TEMPO.CO, Bandung- Badan Pengkajian dan Pengembangan Kebijakan (BPPK) Kementerian Luar Negeri bekerja sama dengan Lembaga Ilmu Pengetahuan Indonesia (LIPI) akan melakukan penelitian mengenai kesiapan masyarakat Indonesia menghadapi Masyarakat Ekonomi Asean (MEA) yang akan mulai berlaku akhir 2015.
"Beberapa bulan ke depan kami akan meneliti sejauh mana kesiapan para pelaku usaha di Indonesia menyongsong MEA, sehingga nantinya bisa tahu sektor apa yang siap dan yang tidak siap" ujar Kepala BPPK Kemenlu, Darmansjah Djumala dalam Diskusi Forum Kajian Kebijakan Luar Negeri di Universitas Parahyangan, Jalan Ciumbuleuit, Kota Bandung, pada Rabu, 18 Februari 2015.
Menurut Darmansjah, hasil penelitian itu akan menjadi bahan pertimbangan pemerintah Indonesia mengenai strategi yang akan dipakai dalam MEA. "Itu akan menjadi pedoman pemerintah, yang di dalamnya mengatur regulasi barang keluar dan masuk," katanya.
Darmansyah menuturkan ada semacam mitos yang berkembang di masyarakat jika nanti setelah diberlakukan MEA, barang-barang dari negara-negara Asean akan menyerbu pasar Indonesia. "Padahal Indonesia pun memiliki peluang yang sangat besar untuk menyerbu pasar Asean," kata dia.
"Awal 2016, sebanyak 480 juta pasar di luar sana terbuka bagi kita, jangan berpikir kita aja yang diserang, kitapun bisa menyerang, tergantung produk apa yang akan kita jual di pasar asean itu," kata Darmansjah.
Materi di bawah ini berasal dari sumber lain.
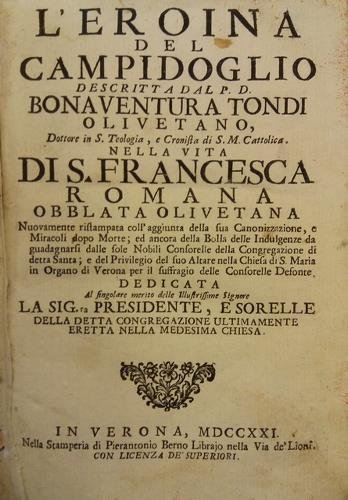 L'eroina del Campidoglio descritta dal P.D. Bonaventura Tondi olivetano. Nuovamente ristampata coll'aggiunta della sua Canonizzazione e Miracoli dopo Morte; ed ancora della Bolla delle Indulgenze. In Verona: nella Stamperia di Pierantonio Berno, 1

Adanya liberisasi ekonomi di Asean, Darmansjah menuturkan, persaingan akan semakin tinggi dan efisiensi produk akan semakin besar karena jangkauan pasarnya sangat luas. "Ini merupakan hikmah dari liberalisasi MEA, kita harus balance, jangan terlalu pesimis tapi harus melihat sisi optimianya," kata dia
Sementara itu, Guru Besar Ilmu Hubungan Internasional Unpar, Bob S. Hadiwinata menyatakan sangat sulit bagi Indonesia jika MEA mulai diberlakukan. "Kecuali bertahap, saya kira indonesia akan bisa bertahan," kata dia.
Hadiwinata menuturkan, kebijakan MEA merupakan tiruan dari sistem ekonomi liberal Uni Eropa, yaitu perekonomian negara-negara Eropa di atur dalam satu pintu sistem ekonomi bersama. "Namun meski begitu tetap berbeda dengan negara-negara Uni Eropa yang mulai dari pasar bersama baru kemudian ke wilayah ekonomi bersama, sehingga telah siap seluruhnya," kata Hadiwinata.
"Asean itu kan organisasi yang diinisiasi oleh para pemimpin sehingga rakyat kecil ketika ditanya Asean itu apa cenderung tidak tahu karena tidak merasakan secara langsung manfaatnya, berbeda dengan Uni Eropa yang memang dirasakan langsung oleh rakyat kecil, seumpama panen gagal, petani disubsidi langsung oleh Uni Eropa," katanya.